The U.S. Supreme Court has ruled that a female employee missed the chance to sue her employer for paying her less than her male counterparts over a nine-year period because she did not file her case within 180 days of the offense. The court said the clock started ticking from the day she got the job, rather than being reset with each new paycheck. This is a departure from years of discrimination case law. The only way to have a current claim against years of discriminatory pay would be for the plaintiff to show that recent decisions, such as raises or promotions, were discriminatory. (Ledbetter v. Goodyear Tire and Rubber Co., Inc., U.S. Supreme Court, No. 05-1074, 2007)
A New Jersey jury has awarded a lab technician more than $2 million after he was terminated over a whistleblower complaint.

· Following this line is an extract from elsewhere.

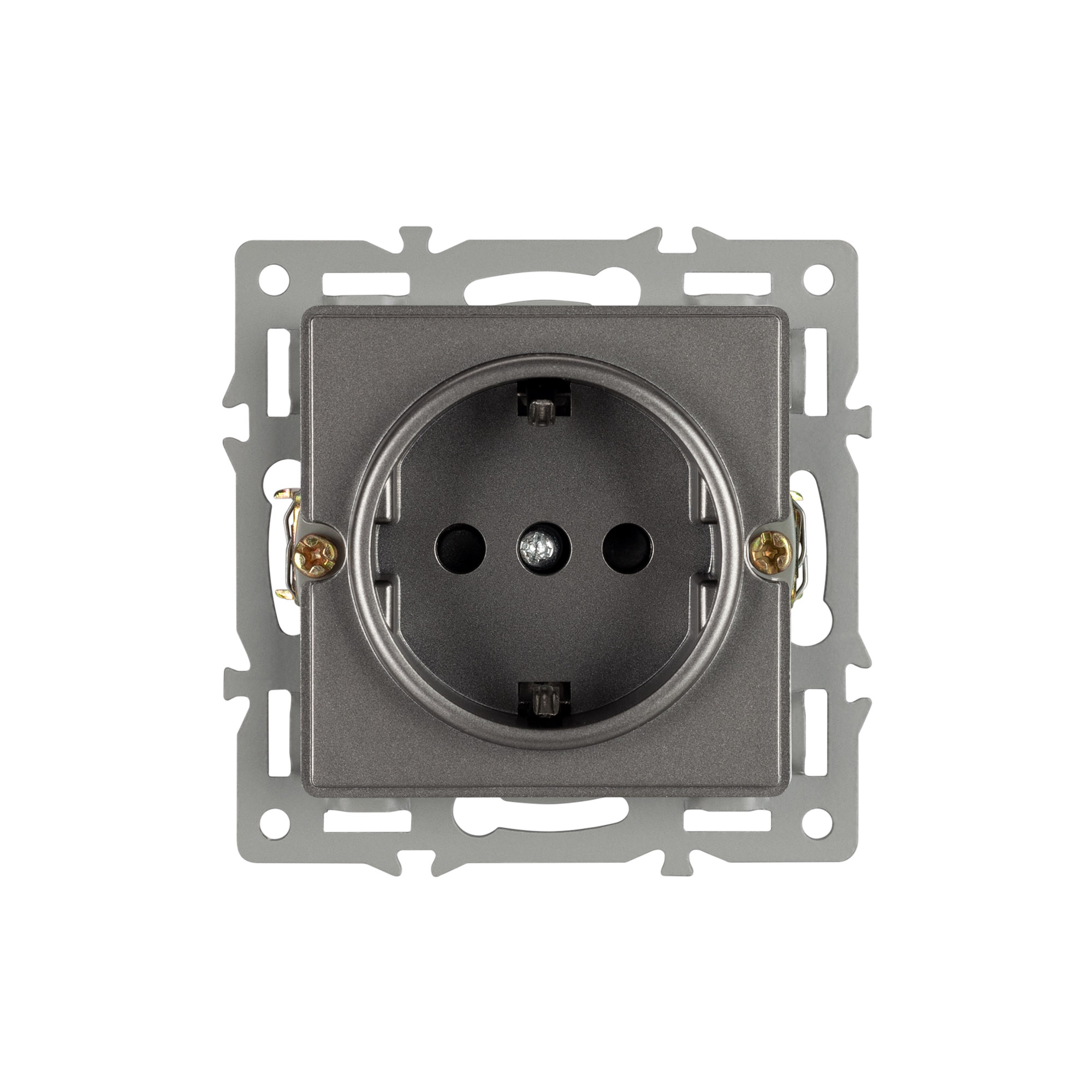 Механизм розетки с заземлением на 1 пост, с суппортом из алюминия. Цвет - серый. Степень пылевлагозащиты - IP20.

The technician had complained to senior managers about insufficient blood bank staffing and procedures. Issues such as failure to have skilled technicians on staff violated state law. After the technician complained, he was subjected to unfair discipline and was then fired.

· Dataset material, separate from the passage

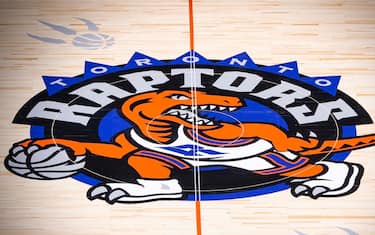 Eccolo il primo logo dei Raptors fare bella mostra di sé al centro del campo durante la sfida tra Toronto e Orlando

A federal judge has ordered the White House to declassify all of the legal opinions issued by the Foreign Intelligence Surveillance Court after May 2011 that relate to Section 215 of the Patriot Act. In a lawsuit brought by the American Civil Liberties Union (ACLU), the judge noted that the disclosures made by Edward Snowden require greater transparency and that disclosure of the opinions is necessary for an informed debate on the issue of government surveillance and privacy.